Alerts are meant to… Alert you when something goes wrong. A good rule of thumb is that alerts should be actionable. This means you should avoid defining alert rules for situations that are not indicative of a real problem or that you can’t do anything about. For example, a real case for this was an alert that would fire when the 99th percentile latency for a service went up over X% from its baseline. While this sounds like there could be a problem, the service was still functioning well and was far from hitting capacity or its SLA so the alert wasn’t actionable.

Sometimes you want to define an alert as a type of warning of something that could become an issue. While in theory this is a good idea, in practice this tends to be a non-actionable alert. What ends up happening is people just ignore it, which can lead to a culture of ignoring issues even if they’re real.

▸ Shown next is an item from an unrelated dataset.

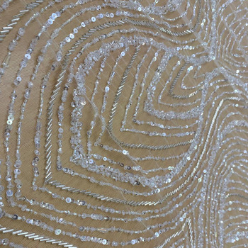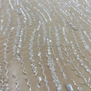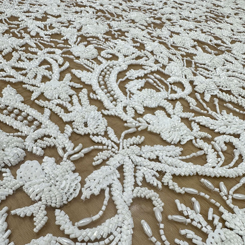 2023 nuovo abito da sposa di moda tessuto di pizzo bianco con perline pesanti con paillettes di cristallo fatto a mano in Nylon di lusso vendita veloce

When you realize an alert is not actionable, you probably want to:

  • Adjust its thresholds so it only triggers when the issue warrants attention.
  • Remove the alert altogether if there isn’t anything to be done.

Visualizing metrics

Just as important as being alerted about an issue is being able to dig into what’s going on. The last thing you want is getting paged at 3 am, only to realize you have no way to inspect the service’s metrics that led to the alert being fired. It’s also possible to go too far in the other direction and end up having metrics dashboards with hundreds of widgets where there’s so much information that you can’t get anything out of it.

A few things I like when defining dashboards to visualize metrics are:

  • Create an overview dashboard. This is a great entry point into the health of the system. You may want an overview of the system that visualizes very high-level metrics, but also another one per service.
  • Keep them simple. Don’t create a dashboard with a hundred widgets/panels. If you put too much information together, it becomes overwhelming and harder to interpret.
  • Split your dashboards. This helps fix the point above and involves defining dashboards that focus on different aspects of the system. Depending on how much a single service does, an overview dashboard may be enough. But if you have too much information you can create different ones for major parts of the service.
  • Keep dashboards consistent. I’ve mostly used grafana and I like things like filter variables to be consistent across all of them. This reduces the amount of effort you need to adapt to a dashboard when you jump into it. I’ve recently used grafanalib and a bit of code on top of it to allow creating dashboards/panels to visualize some metrics. As a result, all dashboards have the same filters, all widgets have the same look, etc. As a bonus, it also takes 3 lines of code to define a new dashboard. This is a huge improvement compared to having to define them all by hand, making an extra effort to keep things consistent across dashboards when there’s a change, etc.

Conclusion

Running services in production without any visibility into them is a recipe for upset customers. While setting up the infrastructure needed to monitor your services can be daunting, it’s a one-time investment that will pay off in the long run. Having visibility will not only let you react to issues faster but also help you understand and fix them quickly as well.